Taking the line with "Смеситель для раковины" as the start, reproduce every line until the records end, exactly and with nothing added.
-=-=-=-=-
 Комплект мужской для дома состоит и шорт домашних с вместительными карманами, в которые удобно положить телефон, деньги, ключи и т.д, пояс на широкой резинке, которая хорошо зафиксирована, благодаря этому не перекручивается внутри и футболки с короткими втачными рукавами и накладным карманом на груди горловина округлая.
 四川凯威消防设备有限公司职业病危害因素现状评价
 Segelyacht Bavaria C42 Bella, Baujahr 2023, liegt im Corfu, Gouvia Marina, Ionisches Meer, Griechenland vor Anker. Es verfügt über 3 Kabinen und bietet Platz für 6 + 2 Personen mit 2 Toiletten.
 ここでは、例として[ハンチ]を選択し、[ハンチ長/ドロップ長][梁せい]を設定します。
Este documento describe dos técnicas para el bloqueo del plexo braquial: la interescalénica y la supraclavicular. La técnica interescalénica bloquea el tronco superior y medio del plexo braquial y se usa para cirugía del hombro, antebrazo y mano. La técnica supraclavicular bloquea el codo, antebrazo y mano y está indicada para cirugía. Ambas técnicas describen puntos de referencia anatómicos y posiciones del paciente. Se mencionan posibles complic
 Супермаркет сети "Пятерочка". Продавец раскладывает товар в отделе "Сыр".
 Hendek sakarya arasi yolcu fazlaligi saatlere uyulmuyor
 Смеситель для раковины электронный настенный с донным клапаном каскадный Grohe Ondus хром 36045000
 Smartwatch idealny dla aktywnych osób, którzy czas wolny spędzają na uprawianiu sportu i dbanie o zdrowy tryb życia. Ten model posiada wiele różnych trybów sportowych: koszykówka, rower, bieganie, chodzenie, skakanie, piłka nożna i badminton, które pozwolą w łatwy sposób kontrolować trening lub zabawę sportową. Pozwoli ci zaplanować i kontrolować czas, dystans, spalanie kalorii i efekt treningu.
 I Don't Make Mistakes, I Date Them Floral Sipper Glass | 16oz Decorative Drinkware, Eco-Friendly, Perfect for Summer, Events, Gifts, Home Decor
-=-=-=-=-
> Reply to the exercise:
 Смеситель для раковины электронный настенный с донным клапаном каскадный Grohe Ondus хром 36045000
 Smartwatch idealny dla aktywnych osób, którzy czas wolny spędzają na uprawianiu sportu i dbanie o zdrowy tryb życia. Ten model posiada wiele różnych trybów sportowych: koszykówka, rower, bieganie, chodzenie, skakanie, piłka nożna i badminton, które pozwolą w łatwy sposób kontrolować trening lub zabawę sportową. Pozwoli ci zaplanować i kontrolować czas, dystans, spalanie kalorii i efekt treningu.
 I Don't Make Mistakes, I Date Them Floral Sipper Glass | 16oz Decorative Drinkware, Eco-Friendly, Perfect for Summer, Events, Gifts, Home Decor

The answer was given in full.